As the people were in expectation, and all men reasoned in their hearts concerning John, whether perhaps he was the Christ, 16 John answered them all, “I indeed baptize you with water, but he comes who is mightier than I, the strap of whose sandals I am not worthy to loosen. He will baptize you in the Holy Spirit and fire.

21Now when all the people were baptized, Jesus also had been baptized and was praying. The sky was opened, 22 and the Holy Spirit descended in a bodily form like a dove on him; and a voice came out of the sky, saying “You are my beloved Son. In you I am well pleased.”

 

We have all had someone we love and respect give us valid, negative feedback.  When we were children and young adults, parents and teachers gave us constructive criticism.  As adults, our supervisors, bosses and leaders do this.  Coaches and mentors, doctors and pastors, friends and relatives, all provide positive direction to us throughout our various stages of growth. 

If we accept these criticisms and take corrective action, we can get smarter, stronger, healthier, happier, less sinful, more successful at work and at play, and so on.  But criticism can hurt.  It can really sting to have someone we love and respect point out our flaws, mistakes, and missteps.  But if we take it on the chin, valid criticism will burn away some of our imperfections and refine our ore.  We can get our raw iron a little closer to becoming steel if we internalize the criticism and take action.

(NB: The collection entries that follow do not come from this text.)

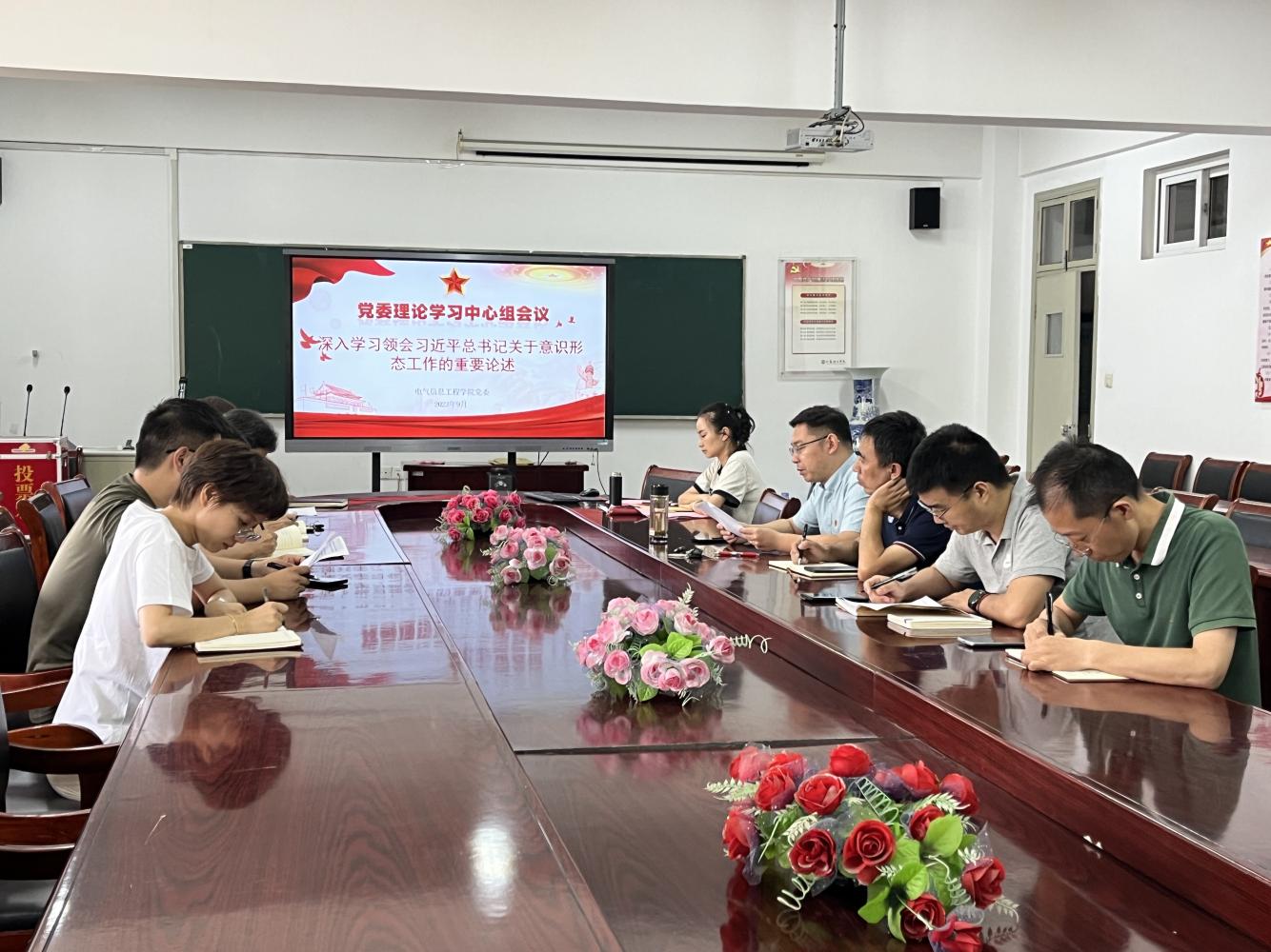 学院党委委员、电气工程系教工党支部书记王琪重点发言。他指出,高校意识形态教育尚存在感染力不够、沟通有限、课程内容思想性开发不够、协同水平不高等问题。同时面临外部环境挑战巨大、意识形态教育形式略显滞后、互联网技术冲击等挑战。他认为,高校意识形态教育需要高校在思想上、组织上、意识上进行协同配合,借助各类课堂形式和教育手段,才能形成全方位、多层次的教育合力,进而更好地提升高校意识形态教育的效果。
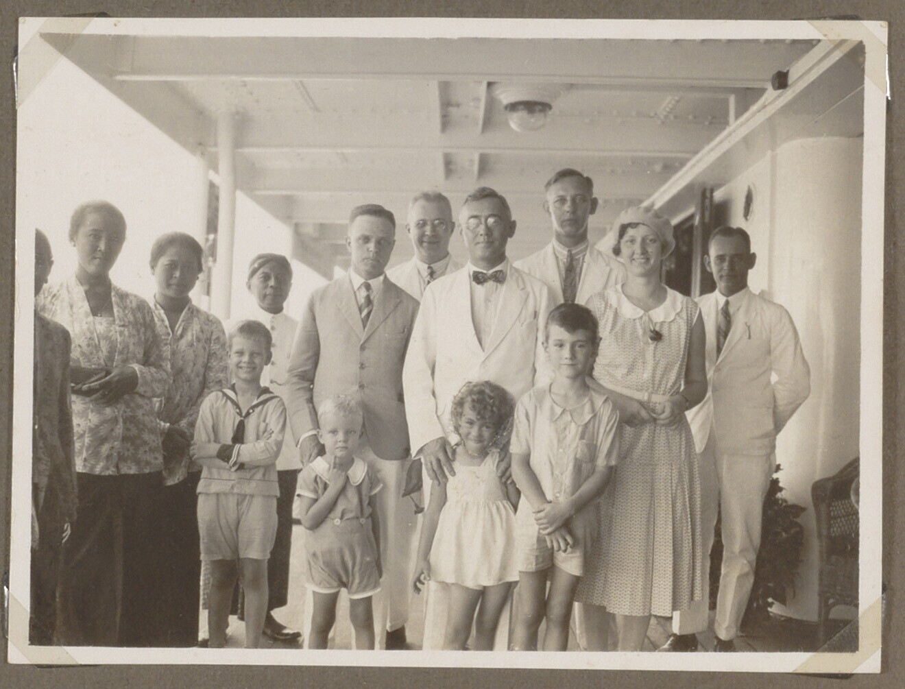 Europese familie met Javaans personeel aan dek van e...
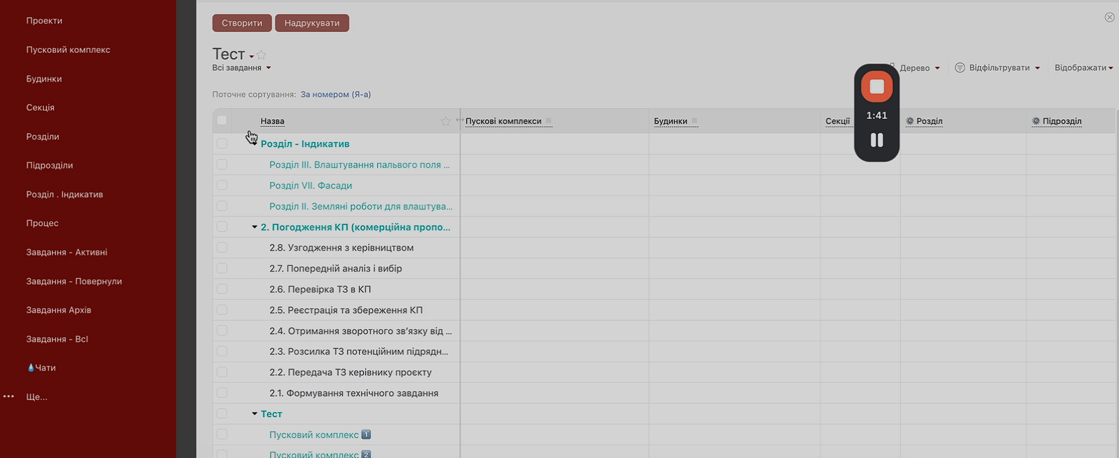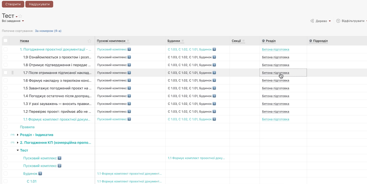 Проєкти → Пускові комплекси → Будинки → Секції → Розділи → Підрозділи.

Imagine, however, what it will be like to meet Jesus face-to-face and have every single one of our faults become apparent to us by the light of his love.  Many of our faults we can’t even see.  But when the loving light of the Lord shines on us in Judgement, every single thing we’ve done wrong, as well as every fault public and private, will be revealed.  Try to imagine the fiery guilt and burning shame we will experience.  But remember that God is Love.  There is no hatred, no malice, no anger in the Lord.  His loving, holy face simply acts like a perfect mirror in which we will all see ourselves in perfect focus. As St. Paul says in 1 Cor 13:12, “For now we see in a mirror dimly, but then face to face. Now I know in part; then I shall understand fully, even as I have been fully understood.”  God’s love reveals to us our sins and faults in a loving way.  St. Paul adds in the next verse, “So faith, hope, love abide, these three; but the greatest of these is love.” 

And with this, I think, we begin to approach what St. John the Baptist is getting at when he says, “I indeed baptize you with water, but he…will baptize you in the Holy Spirit and fire.”  God is Love.  The fire of Judgement contains no indignation, no vengeance, no anger – only pure and  purifying, truthful love.

But the truth still hurts.  If we resist the truth, turn away, and allow resentment to set in, things will only get worse.  “How dare Coach tell me I need to spend more time in the batting cage?”  “Who does my boss think he is, telling me I’m not getting my work done right?”  “I’m okay just the way I am.”  “These ten commandments are outdated.  So what if I break a couple of them?  I’m still a good person.”  The more we think this way, nursing our resentment or clinging to the rightness of our disordered thoughts, desires, actions, and beliefs, and ignoring criticism to the contrary, the more our sins consume us.  This is how, brothers and sisters, we make the world into Hell – by embracing, rather than facing, our faults.  By spreading them, promoting them, and hatching them.  This Hell of our own making corresponds, albeit at a lower pitch and level, to the fires of Hell that await those who put off facing their faults until the end of time.

The baptism of water and spirit administered by fellow believers washes us clean and welcomes us into the company of the faithful.  Even Jesus, in his human capacity, was baptized by water and joined with us in this way.  But the baptism of Spirit and Fire, the baptism of the incomprehensible and limitless Love showered on us by God, welcomes us into the Kingdom of Heaven.